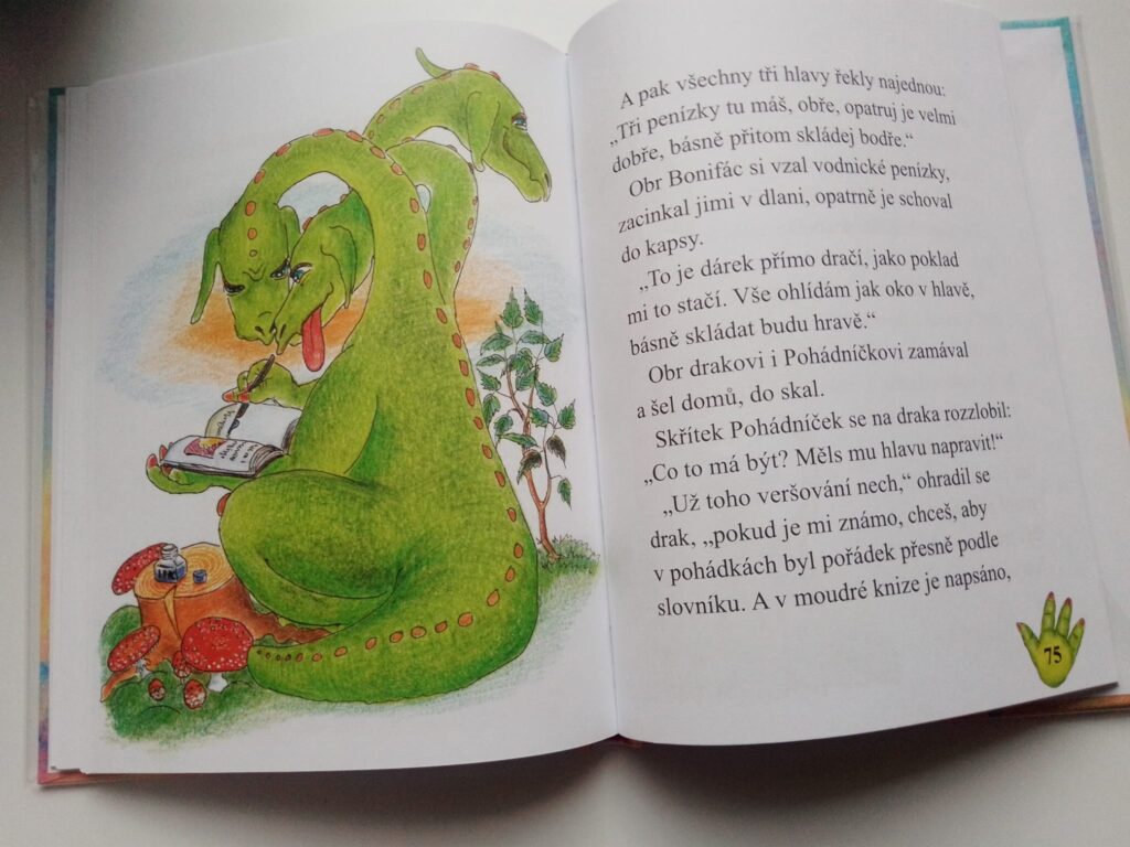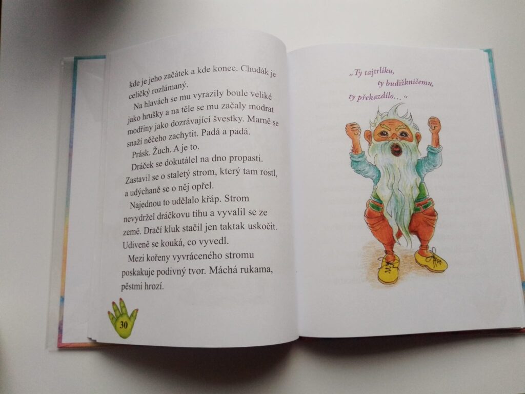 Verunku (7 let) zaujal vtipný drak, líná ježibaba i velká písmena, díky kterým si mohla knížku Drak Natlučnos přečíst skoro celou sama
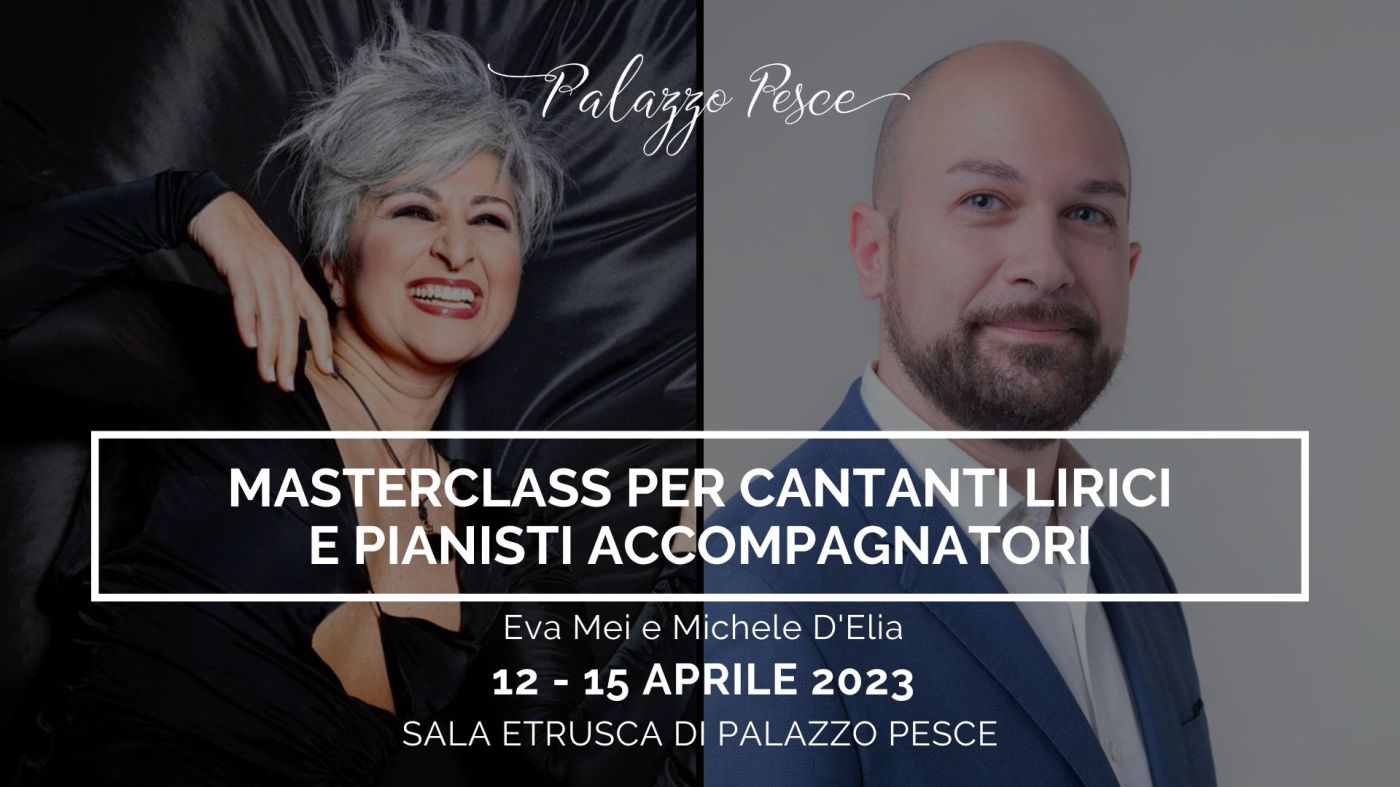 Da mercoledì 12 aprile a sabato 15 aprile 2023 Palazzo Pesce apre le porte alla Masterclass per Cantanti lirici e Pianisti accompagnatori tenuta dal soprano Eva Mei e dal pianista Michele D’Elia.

* * * * *

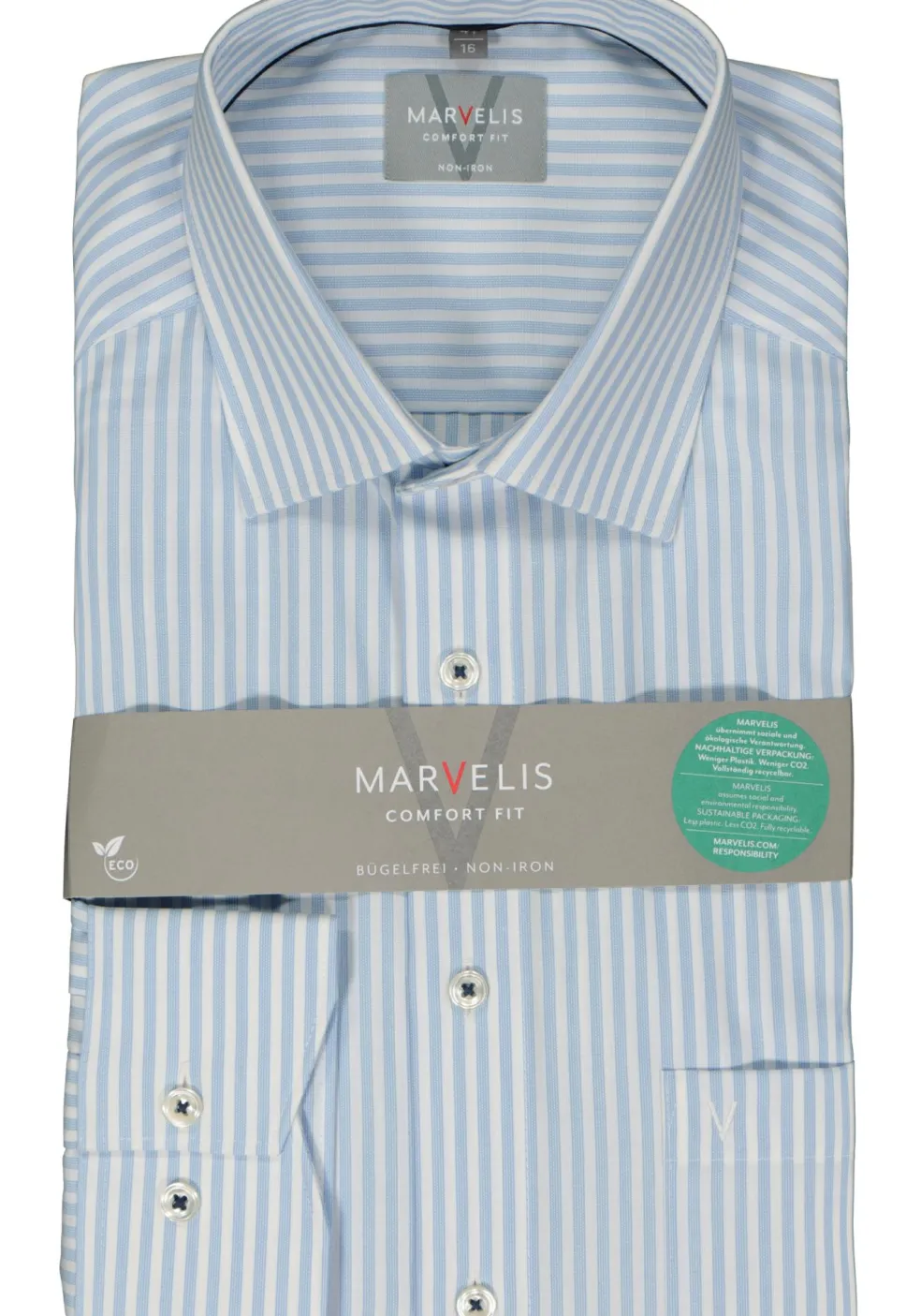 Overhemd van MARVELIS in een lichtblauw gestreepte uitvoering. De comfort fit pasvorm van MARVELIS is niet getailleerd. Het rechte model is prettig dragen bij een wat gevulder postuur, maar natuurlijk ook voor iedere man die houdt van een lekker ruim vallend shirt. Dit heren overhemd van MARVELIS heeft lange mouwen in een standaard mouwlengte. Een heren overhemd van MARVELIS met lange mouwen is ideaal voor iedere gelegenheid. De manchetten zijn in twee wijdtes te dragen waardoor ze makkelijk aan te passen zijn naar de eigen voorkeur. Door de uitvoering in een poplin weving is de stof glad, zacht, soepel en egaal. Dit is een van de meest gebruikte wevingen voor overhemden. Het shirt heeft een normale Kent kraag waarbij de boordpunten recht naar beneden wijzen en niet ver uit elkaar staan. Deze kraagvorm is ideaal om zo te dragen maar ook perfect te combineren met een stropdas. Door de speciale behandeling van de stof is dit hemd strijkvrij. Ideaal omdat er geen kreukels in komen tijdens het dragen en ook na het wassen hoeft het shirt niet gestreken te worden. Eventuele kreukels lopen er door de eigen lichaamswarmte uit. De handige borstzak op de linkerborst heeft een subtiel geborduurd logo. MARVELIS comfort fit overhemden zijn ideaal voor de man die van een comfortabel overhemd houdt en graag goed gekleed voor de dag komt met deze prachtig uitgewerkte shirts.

* * * * *

* **PROBLEM STATEMENT**
Working from the entries above, please transcribe only the lines from the line with "Verunku (7 let)" through the line with "Da mercoledì 12", exactly, with both end lines and without pictures.

* **RESULT OF THE TASK**
 Verunku (7 let) zaujal vtipný drak, líná ježibaba i velká písmena, díky kterým si mohla knížku Drak Natlučnos přečíst skoro celou sama
 Da mercoledì 12 aprile a sabato 15 aprile 2023 Palazzo Pesce apre le porte alla Masterclass per Cantanti lirici e Pianisti accompagnatori tenuta dal soprano Eva Mei e dal pianista Michele D’Elia.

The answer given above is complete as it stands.